Later, I started reading Konrad Lorenz and other ethologists. I liked their books so much that I started reading other scientists’ books, other biologists like Richard Dawkins, John Eccles or Rupert Riedl, but also physicists like Steven Weinberg or philosophers like Karl Popper or Paul Feyerabend.
I had so much fun with science that it was clear I wanted to study science, in particular biology. Initially, I was fascinated by developmental biology. How can a uniform egg develop into something a lot more complex? Then I attended a lecture by Martin Heisenberg (the youngest son of the uncertainty principle discoverer) on the brain and I was hooked. Heisenberg became also my PhD advisor. Because it makes no sense to try and study behavior without understanding the context in which it is used, I also
specialized in evolution and ecology and have published in both fields before I went into neuroscience full time.
The brain is what makes us who we are. Its main function is to chose from all the different options which behavior to produce next, and nobody knows how it does that. In fact, we know so little about brains that we don’t even know how the brain of a fruit fly works. More astonishing still, we’ve had the ‘connectome’ (all the synaptic connections between all neurons) of the nematode worm C. elegans for over 20 years and still we don’t know what it is that makes a brain out of these 302 neurons and their connections.
When we understand these simpler brains, we’ll have the tools and principles at hand to start and try to understand more
complex brains.
What do you want to do/be when (and if ever) you grow up?
People grow up? I’m not growing up, it’s only that my body doesn’t seem to agree with me. 🙂
One of my life’s goals is to still be doing giant swings on high-bar when I’m over 70, just like my club-mate and multiple German National Champion in his age class Ernst-Jürgen Bever.
What is your Real Life job?
As you may have guessed from my bio, I’m a neurobiologist. As I find the brains of vertebrates to be too complex and daunting for the level of understanding I aim for, I study the brains of invertebrates, which also offer a much richer toolbox for biological study.
My specialization is in learning (and memory), in particular the kind of learning that takes place when animals learn from the consequences of their behavior, i.e. operant learning.
I’ve written a short summary of my most recent research at The Naked Scientists.
My website contains more details about my work than you would ever want to know:
In January, you co-moderated two sessions: one was the introduction to Open Access, and the other imagining a world after Impact Factor. How are the two – growth of Open Access and demise of Impact Factor – related to each other? What has to happen first?
Newly founded OA journals cannot compete with established journals because they don’t have an IF. Scientists are reluctant to publish in journals without the prestige that a high IF brings. In these terms, the IF needs to go before OA journals can strive.
In what aspects can the web change science communication?
The way scientists communicate their findings today is fundamentally broken and I sometimes have the impression it even is FUBAR.
Who or what broke the system? We, the scientists. We multiplied and multiplied until the present day where we publish between one and two million peer-reviewed papers every year in about 25,000 scholarly journals. It is my understanding, even though I haven’t been around at the time, that this became an issue already in the 1960s: the journals had multiplied with the researchers and so had subscription costs – the IF was invented to be able to rank the journals. Libraries, among others, used this rank to help decide which journals to subscribe to. This journal rank has been in place until now, with the added complication that now scientists themselves use the IF to rank other scientists. Today, high IF means prestige, so scientists will often tend to try and publish their best results in journals with a high IF – a self-stabilizing system.

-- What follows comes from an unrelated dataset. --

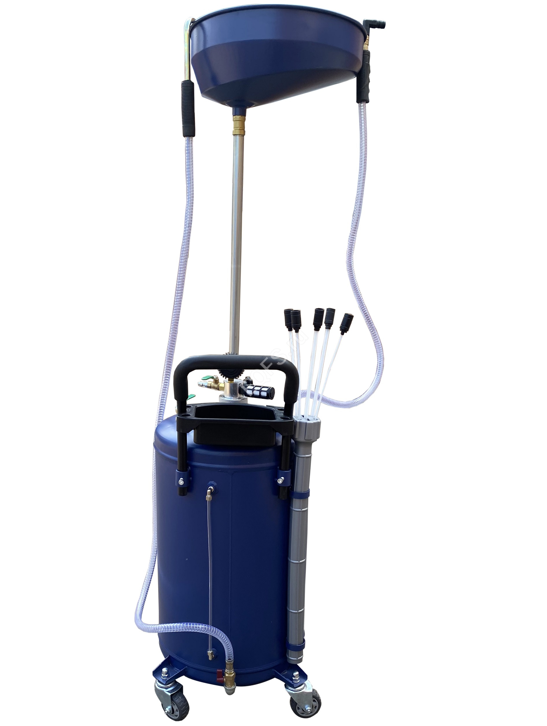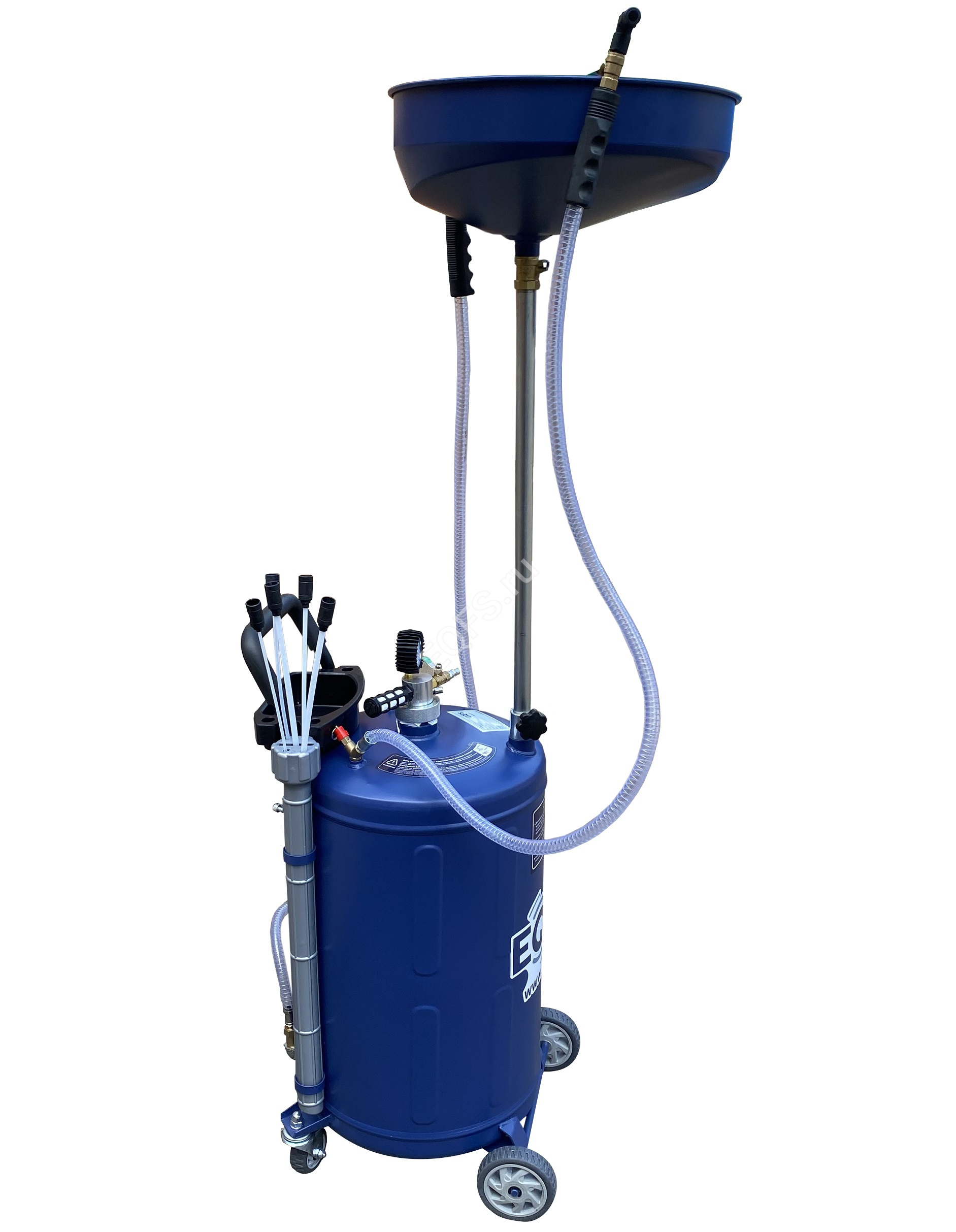 Установка для слива/откачки масла через щупы. Регулировка высоты чаши 970-1570мм. Комплектация: щупы - 5 гибких разного диаметра, манометр (давление/вакуум), лоток, прозрачная трубка для контроля «отработки» в баке. Подключение к пневмолинии - быстросъём. Ёмкость 90л. = Бак 80л + сливная воронка 10л.

Poof! In comes the internet and all of a sudden one could in principle place all the scholarly articles that have ever been published on a single computer for everybody to read, text-mine, whatever. No more need for journals. Yet, because of the self-stabilization, we’re still essentially stuck with a publication system that we had apparently already outgrown by the 1960s! Given the growth rate of the modern, data-intensive scientific enterprise, it doesn’t take an Einstein to realize that a heavily patched-up communication system that was already outdated 50 years ago isn’t really the most effective way to do business. Thus, the advent of the web questioned our entire way of doing science – it doesn’t get any more fundamental than that.

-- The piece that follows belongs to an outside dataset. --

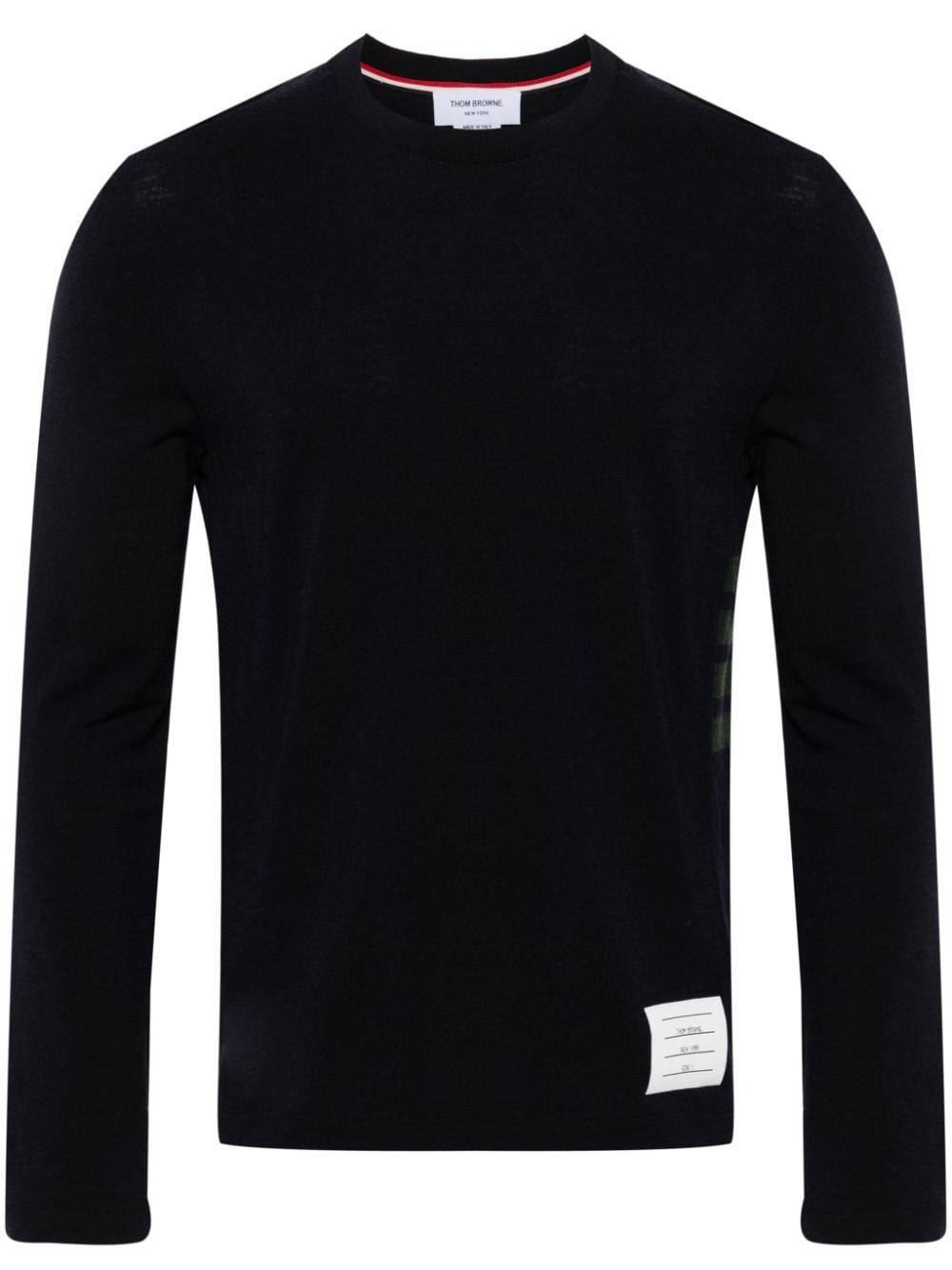4-Bar Stripe intarsia-knit jumper Highlights - Midnight blue/dark green - Stretch-wool - Jersey texture - Logo patch to the front - Stripe detailing to the side - Signature grosgrain loop tab - Crew neck - Long sleeves - Straight hem Made in Italy Composition Wool 97%, Elastane 3% SIZE & FIT Model measurements Height 6 ft 2 in(1.87 m) Bust/Chest 38.18 in(97 cm) Hips 36.61 in(93 cm) Waist 29.13 in(74 cm) FittingInformation Designed for a relaxed fit, this piece allows for comfort and movement when worn Made from a midweight fabric This piece fits true to size – take your usual size

It’s always easy to criticize – what solutions does the web offer for science communication?
I could paraphrase an infamous politician and say that you don’t communicate in the system you want but in the system you have – but that’s what politicians and publishers say. I have several dreams for how the web can improve scientific communication.
One of my favorite ones at the moment doesn’t have any journals at all in it. It only needs a federated standard for multi-level peer-review. The first level is among cooperating or competing colleagues in the same field. As data is being collected, it is made public to an ever wider audience: first other graduate students, post-docs in the lab, then lab-head, then cooperating colleagues, then other scientists, still within the same field. This is similar to lab meetings and conferences, but online and all the time. Scientists have always self-organized themselves into societies, clubs and other groups, this is the same principle. These interactions make sure that whatever is submitted for formal peer-review has already passed informal peer-review (and there would be a record of it).
Once the data form a large enough body to be communicated with scientists who are not in this field (or the public), a ‘paper’ will be drafted and submitted for formal peer-review. Reviewers will be both experts in the field but also outsiders, to ensure general readability. These ‘papers’ are then ‘published’ in a distributed database, hosted by the institutions’ libraries, according to the
abovementioned federated standard, linking to the record of data collection and peer-review established in the process of the research.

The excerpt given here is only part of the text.